Task goal. What should be copied is the stretch of entries below from the line with "قال محمد السيد" up to and including the line with "3 1.5 Ton Split", exactly and without images.

Extracted material.
======

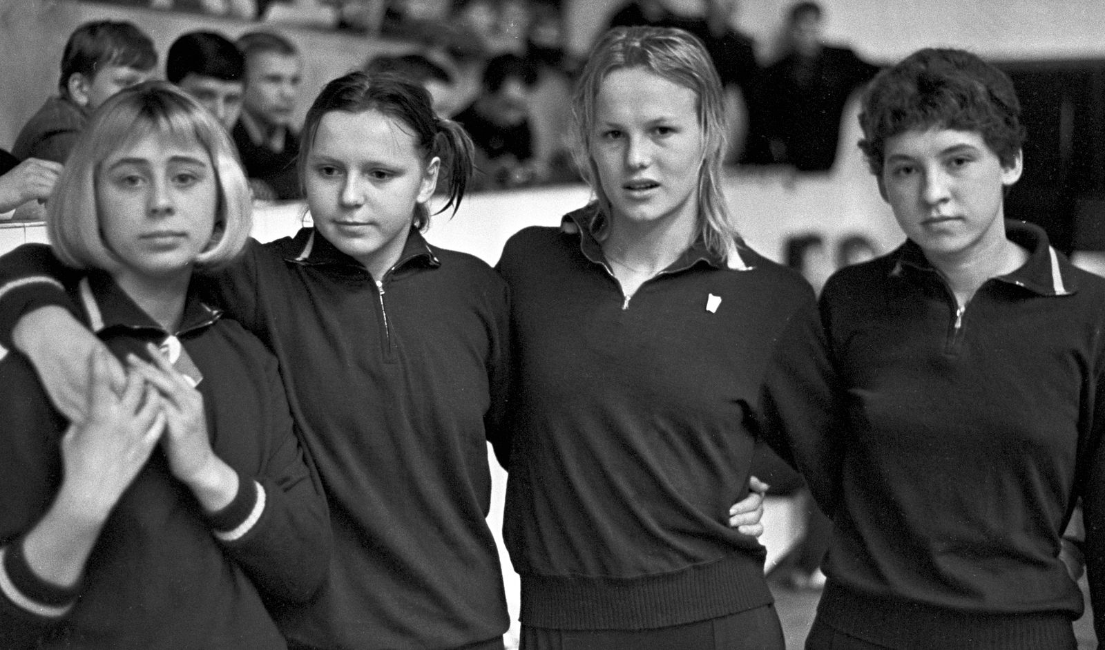 Члены молодежной сборной команды СССР по спортивным танцам на льду: Елена Новикова, Майя Усова, Юлия Романова и Ирина Полунина, 1983 г.
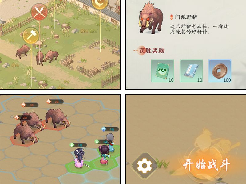 第二步:查看野猪信息及获胜奖励后进入挑战
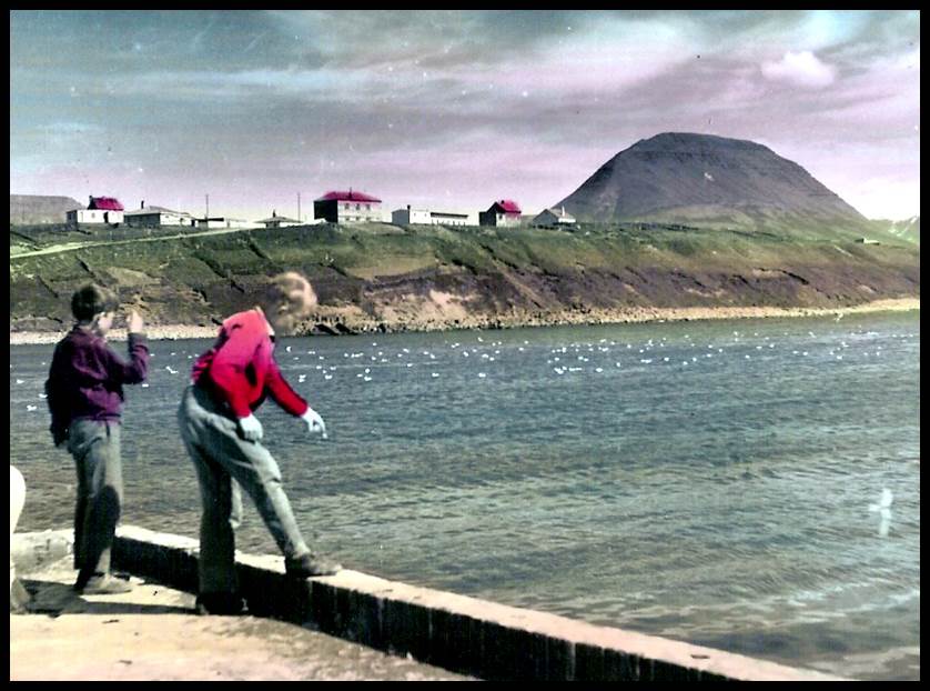 Þessa mynd hirti ég af mánaðardegi, held frá kaupfélaginu sem íbúar gátu fengið sem vildu, þetta er lituð mynd og tekin líklega 1958, vissi aldrei hverjir þarna voru en Svana taldi sig þekkja Inga vegna þess að hann átti svona rauðan jakka, munum í því sambandi að myndin er lituð, þetta var ekki moggamynd.kv.
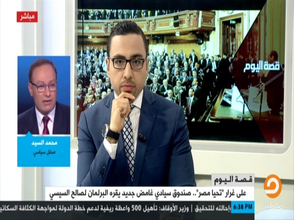 قال محمد السيد المحلل السياسي، إن مصر تمر بمرحلة حكم الفرد الواحد الذي يستطيع أن يقرر بمفرده, أو بالأجهزة التابعة له، وهو مسيطر على كل المؤسسات التشريعية والقضائية ...
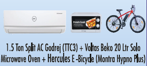 3 1.5 Ton Split AC Godrej TTC3 + Voltas Beko 20 Ltr Solo Microwave Oven + Herclules E Cycle Montra Hypno Plus
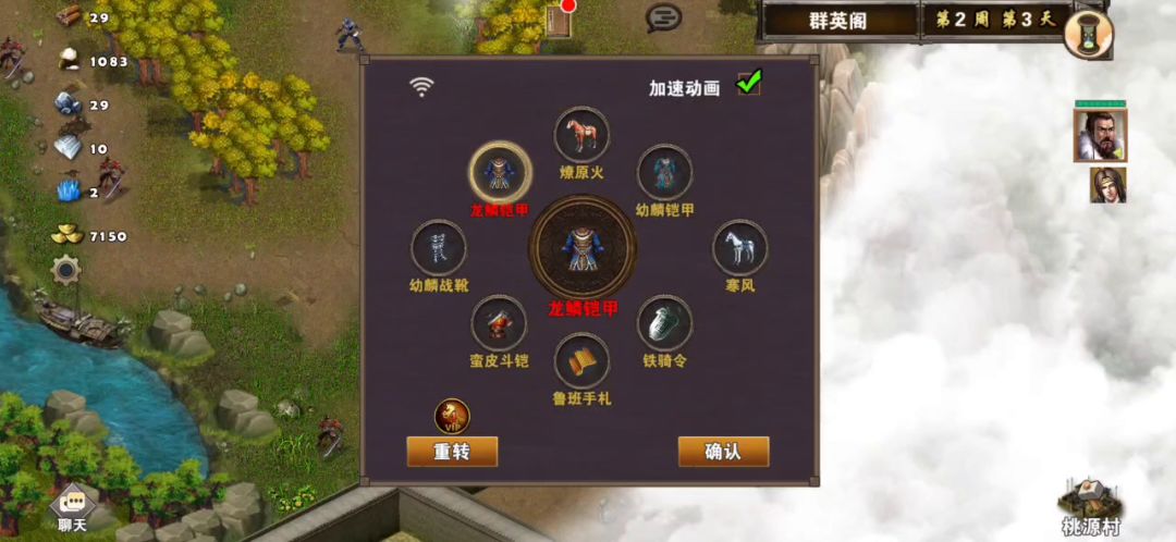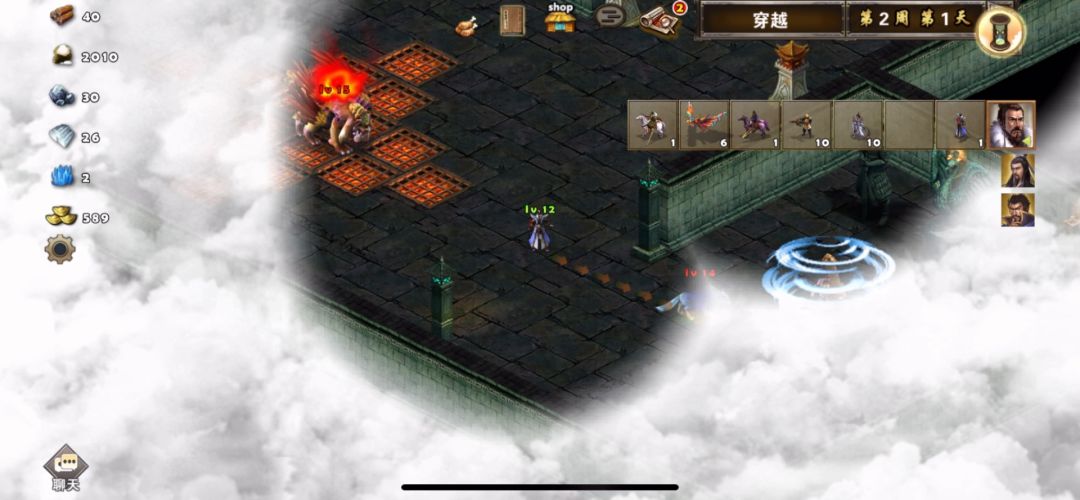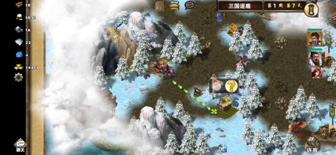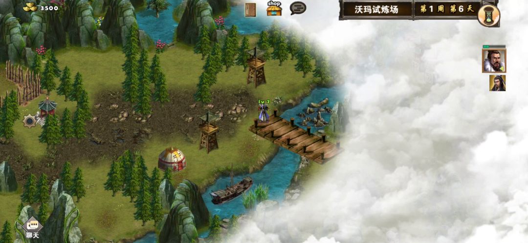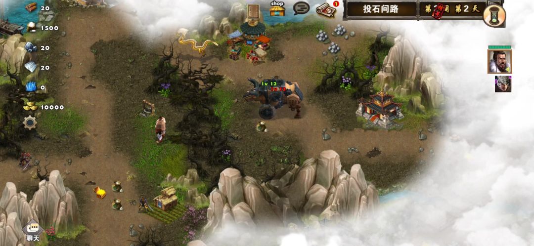 这关比上一关稍微难点,可以使用三个英雄,其中前两个英雄可以自选,第三个英雄随机,如果第三个英雄想使用自己选定的英雄,可以去刷,建议使用贾诩、刘备、曹操,开局第一天贾诩往右下打小怪对话刘备加入队伍,旁边帐篷可以访问回血,然后往上走打掉哨塔守卫小怪访问哨塔,第二天可以看见前面有一组兵可以招募(兵种随机),然后打掉前面神像守卫小怪访问神像,继续往前走有四个黄金宝箱捡起来,旁边有个青龙崖可以招募青龙,资源

======

Output.
 قال محمد السيد المحلل السياسي، إن مصر تمر بمرحلة حكم الفرد الواحد الذي يستطيع أن يقرر بمفرده, أو بالأجهزة التابعة له، وهو مسيطر على كل المؤسسات التشريعية والقضائية ...
 3 1.5 Ton Split AC Godrej TTC3 + Voltas Beko 20 Ltr Solo Microwave Oven + Herclules E Cycle Montra Hypno Plus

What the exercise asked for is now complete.